Mary Ann and I don't miss the opportunity to have breakfast together at Mattina Bella. We have not been there in months. I wonder why. It's just as good as ever. MA has the Country Boy omelette (containing all the meats from the menu) and I have a combo breakfast with soft-scrambled eggs, bacon, the multi-grain toast from Susan Spicer, and a pancake. It will be the only meal today for either of us.
We get caught in, of all things, a bicycle race. A circuitous route through old town Covington has these ultra-modern bikes zooming around corners. Traffic is detoured, putting a crimp in the business at Mattina Bella. Which is to say 89 percent full instead of the full hundred with a waiting list.

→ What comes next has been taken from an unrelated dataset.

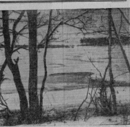
День, другой. Лед хрустит поспереле. И воды затопит эту марь. И грачи на прадесурной сходке Утвердят весенний календарь.
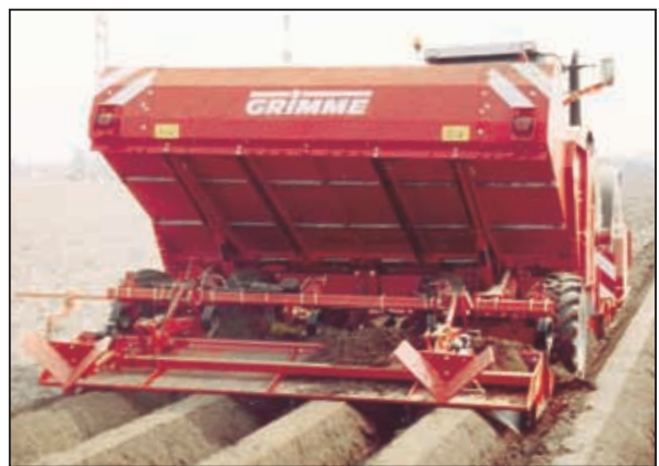
Формирование гребня через большие рыхлительные лапы с гребнеобразующей плитой.

This afternoon is the second and final performance of NPAS's Americana concert. The music is playing in my brain far better than it was only two days ago. On the other hand, I still lack a good grip on "Shenandoah."
When the concert ends, everybody disperses quickly into the sunny Sunday afternoon. Our season, begun in October 2015, is over. We will not meet again for over two months. What ever will we do on our Monday rehearsal nights?
Something about this gives me the feeling I had at my high-school graduation. And my college graduation, too. And when we moved from Mid-City to Abita Springs.
Funny.
Mattina Bella. Covington: 421 E Gibson. 985-892-0708.